A simple pendulum consists of a light string 1.70 m long with a small 0.490 kg mass attached. The pendulum starts out at 45º below the horizontal and is given an initial downward speed of 1.50 m/s.

find:

At the bottom of the arc, determine the centripetal acceleration of the bob.

At the bottom of the arc, determine the tension in the string.

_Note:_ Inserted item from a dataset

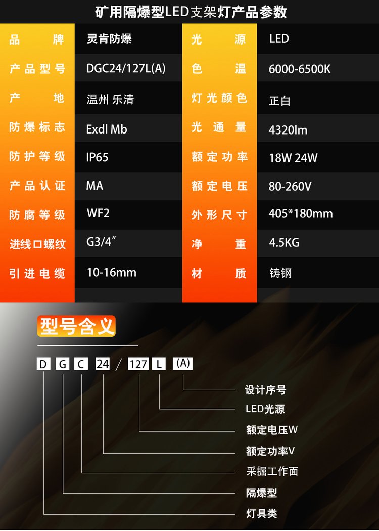 长方形款井下隔爆工矿灯DGC24/127L(A)煤矿用防爆型LED照明支架灯 品牌 | 灵肯防爆 | ||

the KE at the bottom equals the initial PE (mgh) 0f the bob.

1/2 mv^2=mg(1.70cos45)
solve for v. then V^2/r

tension= mg+mv^2/r

To determine the centripetal acceleration of the bob at the bottom of the arc, we can use the equation for centripetal acceleration:

a = (v^2) / r

where:
a = centripetal acceleration
v = velocity of the bob
r = radius or length of the pendulum

First, we need to find the velocity of the bob at the bottom of the arc. We know that the initial speed of the bob was 1.50 m/s and the pendulum is a simple pendulum swinging back and forth. So, at the bottom of the arc, the bob's speed would be maximum:

v = maximum speed = 1.50 m/s

Next, we need to determine the length or radius of the pendulum. In this case, the length of the pendulum is given as 1.70 m.

So, using the given values, we can calculate the centripetal acceleration at the bottom of the arc:

a = (1.50^2) / 1.70
a = 2.25 / 1.70
a = 1.32 m/s^2

Therefore, the centripetal acceleration of the bob at the bottom of the arc is 1.32 m/s^2.

To determine the tension in the string at the bottom of the arc, we can use the equation for centripetal force:

F = m * a

where:
F = tension in the string
m = mass of the bob
a = centripetal acceleration

First, we need to find the mass of the bob. In this case, the mass is given as 0.490 kg.

So, using the given values, we can calculate the tension in the string at the bottom of the arc:

F = (0.490 kg) * (1.32 m/s^2)
F = 0.6468 kg * m/s^2

Therefore, the tension in the string at the bottom of the arc is approximately 0.647 N.